**Work to complete:** The records sit below this line. Repeat all of them exactly.

* * * * * * * * *

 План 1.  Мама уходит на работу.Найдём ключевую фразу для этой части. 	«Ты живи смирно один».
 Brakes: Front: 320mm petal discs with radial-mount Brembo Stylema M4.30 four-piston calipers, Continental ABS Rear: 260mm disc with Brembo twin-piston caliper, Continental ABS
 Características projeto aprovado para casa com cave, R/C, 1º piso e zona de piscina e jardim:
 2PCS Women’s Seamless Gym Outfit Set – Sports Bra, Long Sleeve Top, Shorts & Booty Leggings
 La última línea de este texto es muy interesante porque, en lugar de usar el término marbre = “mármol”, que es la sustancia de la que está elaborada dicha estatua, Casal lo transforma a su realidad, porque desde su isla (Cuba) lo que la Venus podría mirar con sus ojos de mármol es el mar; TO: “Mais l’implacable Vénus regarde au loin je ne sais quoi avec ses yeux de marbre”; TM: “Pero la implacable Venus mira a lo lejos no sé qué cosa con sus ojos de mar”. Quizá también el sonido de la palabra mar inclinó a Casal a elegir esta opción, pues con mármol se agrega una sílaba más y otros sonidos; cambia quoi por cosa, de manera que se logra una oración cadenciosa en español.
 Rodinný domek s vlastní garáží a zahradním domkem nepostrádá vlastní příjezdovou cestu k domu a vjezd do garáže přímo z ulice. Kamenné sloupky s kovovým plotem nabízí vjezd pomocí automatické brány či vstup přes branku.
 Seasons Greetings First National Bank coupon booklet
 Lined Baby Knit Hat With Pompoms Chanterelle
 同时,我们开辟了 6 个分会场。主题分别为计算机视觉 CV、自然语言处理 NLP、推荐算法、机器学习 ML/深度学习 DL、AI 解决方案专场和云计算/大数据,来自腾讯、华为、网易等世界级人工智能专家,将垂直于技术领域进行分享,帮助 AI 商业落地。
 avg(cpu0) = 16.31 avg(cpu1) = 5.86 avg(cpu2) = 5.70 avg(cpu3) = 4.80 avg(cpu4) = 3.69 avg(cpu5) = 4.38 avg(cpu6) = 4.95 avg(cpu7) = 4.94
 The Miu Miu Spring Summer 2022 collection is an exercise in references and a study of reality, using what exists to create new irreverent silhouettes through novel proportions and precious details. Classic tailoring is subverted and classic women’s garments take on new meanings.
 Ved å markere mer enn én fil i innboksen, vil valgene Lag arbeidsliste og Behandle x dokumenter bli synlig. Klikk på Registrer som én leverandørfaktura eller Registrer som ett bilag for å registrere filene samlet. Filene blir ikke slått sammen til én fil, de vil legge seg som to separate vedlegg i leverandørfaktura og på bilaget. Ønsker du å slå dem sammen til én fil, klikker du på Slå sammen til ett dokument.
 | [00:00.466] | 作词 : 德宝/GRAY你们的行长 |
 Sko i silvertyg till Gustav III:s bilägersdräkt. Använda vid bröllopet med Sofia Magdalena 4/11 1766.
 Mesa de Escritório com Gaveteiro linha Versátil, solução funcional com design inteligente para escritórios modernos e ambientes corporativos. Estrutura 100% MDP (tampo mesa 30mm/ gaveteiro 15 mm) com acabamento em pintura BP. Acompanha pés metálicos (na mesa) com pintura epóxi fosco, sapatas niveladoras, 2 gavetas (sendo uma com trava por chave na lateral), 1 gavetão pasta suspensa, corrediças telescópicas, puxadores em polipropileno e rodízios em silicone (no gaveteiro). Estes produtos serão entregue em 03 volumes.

* * * * * * * * *

**Answer to this exercise:**
 План 1.  Мама уходит на работу.Найдём ключевую фразу для этой части. 	«Ты живи смирно один».
 Brakes: Front: 320mm petal discs with radial-mount Brembo Stylema M4.30 four-piston calipers, Continental ABS Rear: 260mm disc with Brembo twin-piston caliper, Continental ABS
 Características projeto aprovado para casa com cave, R/C, 1º piso e zona de piscina e jardim:
 2PCS Women’s Seamless Gym Outfit Set – Sports Bra, Long Sleeve Top, Shorts & Booty Leggings
 La última línea de este texto es muy interesante porque, en lugar de usar el término marbre = “mármol”, que es la sustancia de la que está elaborada dicha estatua, Casal lo transforma a su realidad, porque desde su isla (Cuba) lo que la Venus podría mirar con sus ojos de mármol es el mar; TO: “Mais l’implacable Vénus regarde au loin je ne sais quoi avec ses yeux de marbre”; TM: “Pero la implacable Venus mira a lo lejos no sé qué cosa con sus ojos de mar”. Quizá también el sonido de la palabra mar inclinó a Casal a elegir esta opción, pues con mármol se agrega una sílaba más y otros sonidos; cambia quoi por cosa, de manera que se logra una oración cadenciosa en español.
 Rodinný domek s vlastní garáží a zahradním domkem nepostrádá vlastní příjezdovou cestu k domu a vjezd do garáže přímo z ulice. Kamenné sloupky s kovovým plotem nabízí vjezd pomocí automatické brány či vstup přes branku.
 Seasons Greetings First National Bank coupon booklet
 Lined Baby Knit Hat With Pompoms Chanterelle
 同时,我们开辟了 6 个分会场。主题分别为计算机视觉 CV、自然语言处理 NLP、推荐算法、机器学习 ML/深度学习 DL、AI 解决方案专场和云计算/大数据,来自腾讯、华为、网易等世界级人工智能专家,将垂直于技术领域进行分享,帮助 AI 商业落地。
 avg(cpu0) = 16.31 avg(cpu1) = 5.86 avg(cpu2) = 5.70 avg(cpu3) = 4.80 avg(cpu4) = 3.69 avg(cpu5) = 4.38 avg(cpu6) = 4.95 avg(cpu7) = 4.94
 The Miu Miu Spring Summer 2022 collection is an exercise in references and a study of reality, using what exists to create new irreverent silhouettes through novel proportions and precious details. Classic tailoring is subverted and classic women’s garments take on new meanings.
 Ved å markere mer enn én fil i innboksen, vil valgene Lag arbeidsliste og Behandle x dokumenter bli synlig. Klikk på Registrer som én leverandørfaktura eller Registrer som ett bilag for å registrere filene samlet. Filene blir ikke slått sammen til én fil, de vil legge seg som to separate vedlegg i leverandørfaktura og på bilaget. Ønsker du å slå dem sammen til én fil, klikker du på Slå sammen til ett dokument.
 | [00:00.466] | 作词 : 德宝/GRAY你们的行长 |
 Sko i silvertyg till Gustav III:s bilägersdräkt. Använda vid bröllopet med Sofia Magdalena 4/11 1766.
 Mesa de Escritório com Gaveteiro linha Versátil, solução funcional com design inteligente para escritórios modernos e ambientes corporativos. Estrutura 100% MDP (tampo mesa 30mm/ gaveteiro 15 mm) com acabamento em pintura BP. Acompanha pés metálicos (na mesa) com pintura epóxi fosco, sapatas niveladoras, 2 gavetas (sendo uma com trava por chave na lateral), 1 gavetão pasta suspensa, corrediças telescópicas, puxadores em polipropileno e rodízios em silicone (no gaveteiro). Estes produtos serão entregue em 03 volumes.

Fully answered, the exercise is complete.